Your objective
Read the data and repeat all of it exactly.

Data block below:

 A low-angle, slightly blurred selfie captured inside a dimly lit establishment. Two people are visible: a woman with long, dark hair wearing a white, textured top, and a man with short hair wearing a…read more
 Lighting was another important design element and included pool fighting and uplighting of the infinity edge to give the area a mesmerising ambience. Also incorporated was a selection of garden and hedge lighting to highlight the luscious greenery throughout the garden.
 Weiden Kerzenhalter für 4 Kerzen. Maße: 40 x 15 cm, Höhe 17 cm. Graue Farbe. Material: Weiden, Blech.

End of Data block.

Exercise output
 A low-angle, slightly blurred selfie captured inside a dimly lit establishment. Two people are visible: a woman with long, dark hair wearing a white, textured top, and a man with short hair wearing a…read more
 Lighting was another important design element and included pool fighting and uplighting of the infinity edge to give the area a mesmerising ambience. Also incorporated was a selection of garden and hedge lighting to highlight the luscious greenery throughout the garden.
 Weiden Kerzenhalter für 4 Kerzen. Maße: 40 x 15 cm, Höhe 17 cm. Graue Farbe. Material: Weiden, Blech.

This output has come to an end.